Work instructions:
Reproduce only this range: the line holding "ruffle-trim jacket Highlights" through the last line of the data below, both included, exactly, with no pictures.

Data extract:
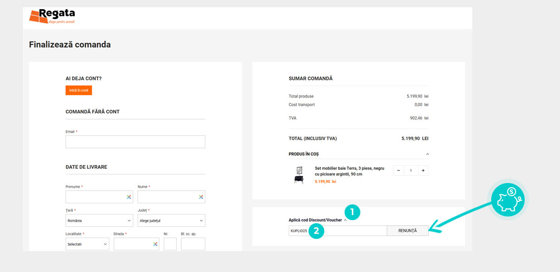 Alegeți produsul care vă interesează în magazinul online Regata.ro apăsați butonul „Adaugă la coș” și produsul se va introduce automat în coșul de cumpărături. În coșul de cumpărături sub produsul ales de dumneavoastră se află o rubrică „Am un cod promo“. Aici veți introduce cod reducere copiat sau îl transcrieți manual și confirmați prin butonul “Folosește“.
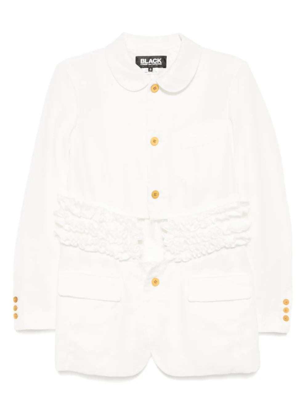 ruffle-trim jacket Highlights - White - Front button fastening - Chest welt pocket - Two front flap pockets - Italian rear vents Imported Composition Lining: Polyester 100% Outer: Polyester 100%
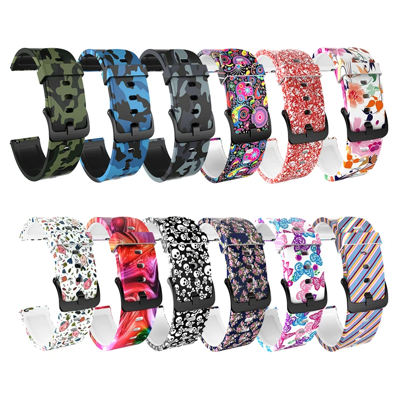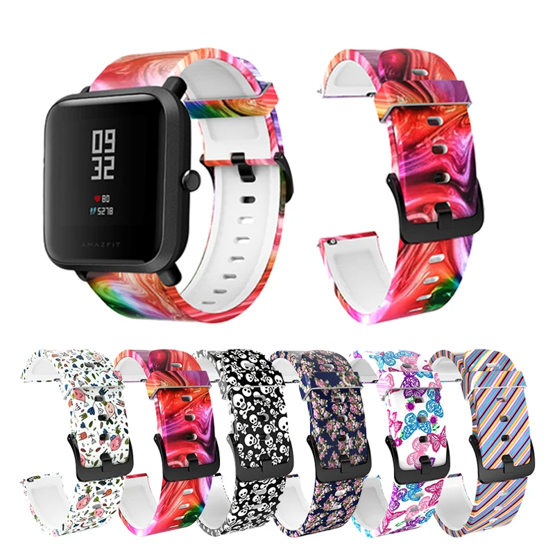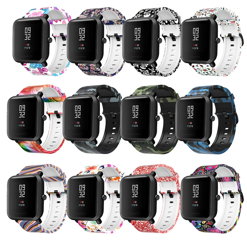 Ремешок BOORUI Amazfit Bip 20 мм, камуфляжный силиконовый ремешок для часов с разнообразным цветочным принтом 20 мм, ремешок для Xiaomi Huami Amazfit

Written response:
 ruffle-trim jacket Highlights - White - Front button fastening - Chest welt pocket - Two front flap pockets - Italian rear vents Imported Composition Lining: Polyester 100% Outer: Polyester 100%
 Ремешок BOORUI Amazfit Bip 20 мм, камуфляжный силиконовый ремешок для часов с разнообразным цветочным принтом 20 мм, ремешок для Xiaomi Huami Amazfit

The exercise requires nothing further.